La trampa especulativa
Durante casi todos los años de la convertibilidad, la cuenta corriente de la balanza de pagos evidenció un déficit estructural, fruto de incremento de las crecientes importaciones de bienes y servicios, así como por la remisión de utilidades de las empresas extranjeras. Lejos de un modelo productivo, la convertibilidad expulsaba una ingente cantidad de dólares de la economía, lo cual era compensado mediante un creciente endeudamiento externo.
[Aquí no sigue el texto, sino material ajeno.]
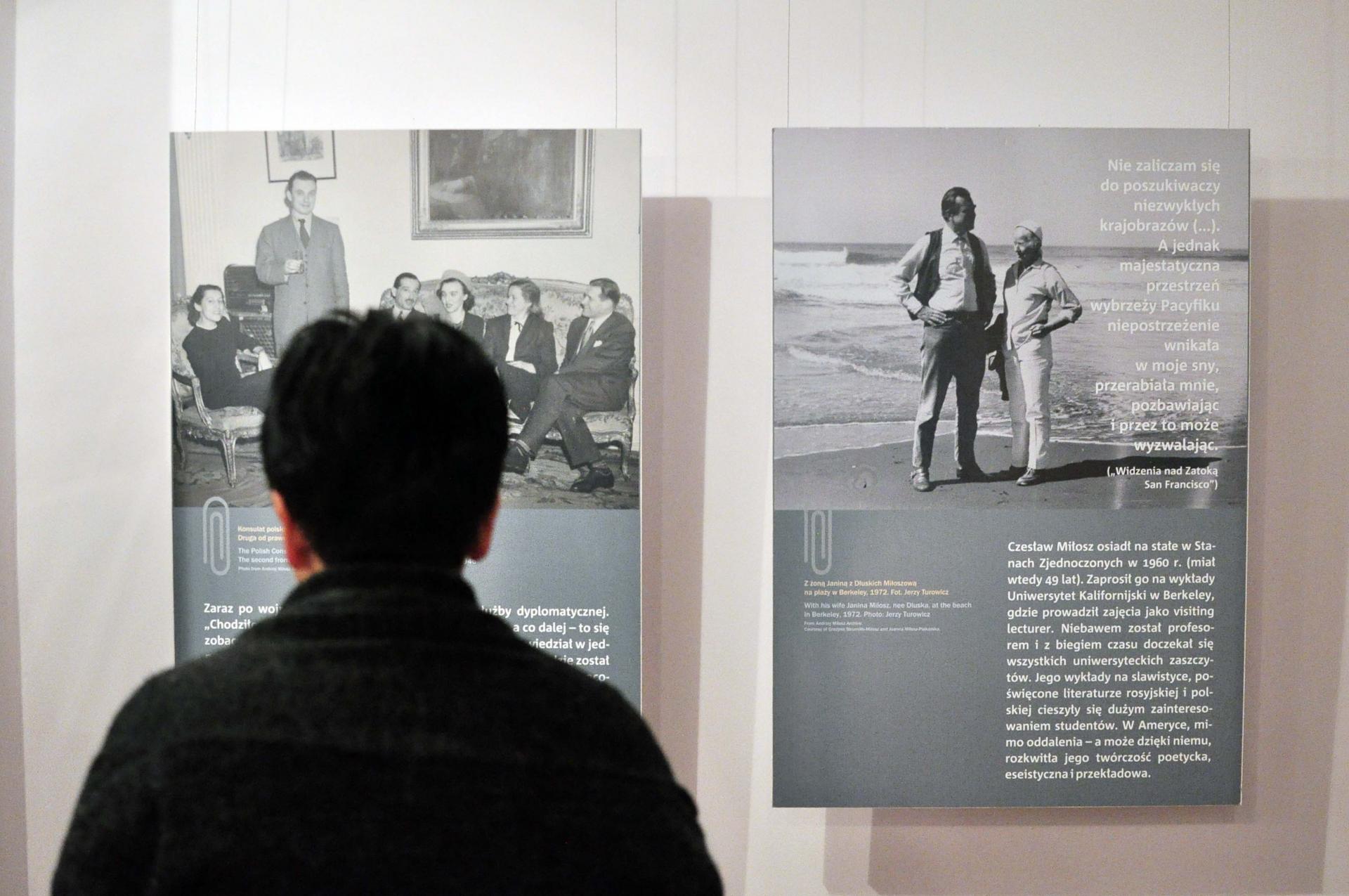 Zdjęcia przedstawiają noblistę w codziennych sytuacjach. Widzimy go na tarasie domu, w ogrodzie, idącego ulicą, podczas spotkania z czytelnikami w San Francisco. Z fotografii płynie przekaz pełen naturalności, autentyzmu i prostoty. Zdjęcia prezentowane na wystawie stanowią fragmenty dwóch niezwykle ciekawych archiwów. Jednym z nich jest „Fotonotatnik Adama Lizakowskiego”, młodego wówczas poety, który zaraz po wprowadzeniu stanu wojennego wyjechał do USA i zamieszkał najpierw w San Francisco, a potem w Chicago. Drugi zbiór fotografii został wykonany w latach 70. i 80. XX wieku przez brata noblisty - Andrzeja Miłosza, dziennikarza i dokumentalistę. Organizatorzy pokażą też zdjęcie z pierwszego pobytu Czesława Miłosza w USA, wykonane w polskim konsulacie.

Salvo el sector financiero, que vivió su era dorada, todos los indicadores de la economía fueron deteriorándose, sobre todo a partir de 1995 (año en el que la tasa de desocupación había llegado al 18,6%, en un país que durante medio siglo había sostenido niveles de pleno empleo). A partir de 1998, la economía local entró en abierta recesión. Para ese momento, la estabilidad de precios era el reflejo de una economía en estado catatónico.
Se necesitaba un cambio en la orientación, pero no fue eso lo que el sistema político estuvo dispuesto a ofrecer.
Salir del laberinto
La Alianza UCR-Frepaso, sobre la cual se habían cifrado todas las exceptivas del recambio presidencial de 1999, renunció de antemano a proponer un diagnóstico crudo y certero de la realidad económica y social. En cambio, prefirió atribuir solamente a la corrupción del gobierno de Carlos Menem la factura de la crisis. De acuerdo con esta lectura, la convertibilidad no constituía el problema central de la economía argentina; sólo se requerían ajustes menores, “esfuerzos compartidos”, reglas de juego “republicanas” (transparencia, honestidad) para que la economía retomara su rumbo virtuoso.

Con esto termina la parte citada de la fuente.